A Chinese specialist claimed that the value of panda conservation extends far beyond the money spent on protecting pandas.

The latest findings show that panda protection, such as building natural reserves, yields 10 to 27 times as much value as it costs to maintain the current reserves.

"Many critics say that spending valuable resources on panda conservation is a waste of money," Wei Fuwen, a researcher at the Chinese Academy of Sciences' Institute of Zoology, was quoted by the Xinhua News Agency as saying on Friday.

Our analysis disproves this view culturally and intrinsically for the ecological benefits the panda reserves provide, Wei said.

By 2010, 67 panda reserves with an area of more than 33,000 square kilometers had been established in China, covering more than half the suitable panda habitat.

Wei and his colleagues found that panda reserves offer a variety of opportunities for local people, such as growing crops, grazing animals, water supply and harvesting firewood and useful plants.

The reserves also help manage precipitous water runoff, sediment retention, carbon sequestration and nutrient retention.

To explore the value of pandas and their reserves in a systematic way, researchers reviewed each of the regulatory, provisional and cultural services associated with panda reserves, determining the value of each.

Researchers said $632 are generated per hectare per year.

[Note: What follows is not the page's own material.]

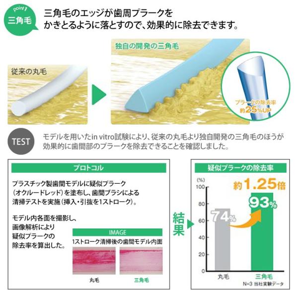 三角毛のエッジが歯周プラークをかきとるように落とすので、効果的に除去できます。

After multiplying that per hectare per year value by estimates of forest area within the 67 panda reserves, they came to a value of $562 million per year in 1980.

By 2010, the value of ecosystem services of the panda and its reserves had increased to somewhere between $2.6 billion and $6.9 billion per year, according to the study.

"We know that the system of reserves and protection is working to reverse the panda's decline and that these efforts have benefited society and nature," Wei said.

This should further motivate people to continue to support panda conservation, he noted.

In March, the Bank of China's Sichuan branch signed deals with Sichuan's Forestry Administration worth 10 billion yuan ($1.58 billion) in five years to build a Giant Panda National Park and help relocate poverty-stricken people living in those areas.

The park, which spans Northwest China's Gansu and Shaanxi provinces and Southwest China's Sichuan Province, will cover 27,134 square kilometers, three times the area of the US' Yellowstone National Park. It will have a core area, protecting pandas in 67 current reserves as well as another 8,000 endangered animals and plants, the Xinhua News Agency reported.

According to Wei, the result also helps to justify not just efforts to preserve the panda but for other endangered species as well. (Xinhua)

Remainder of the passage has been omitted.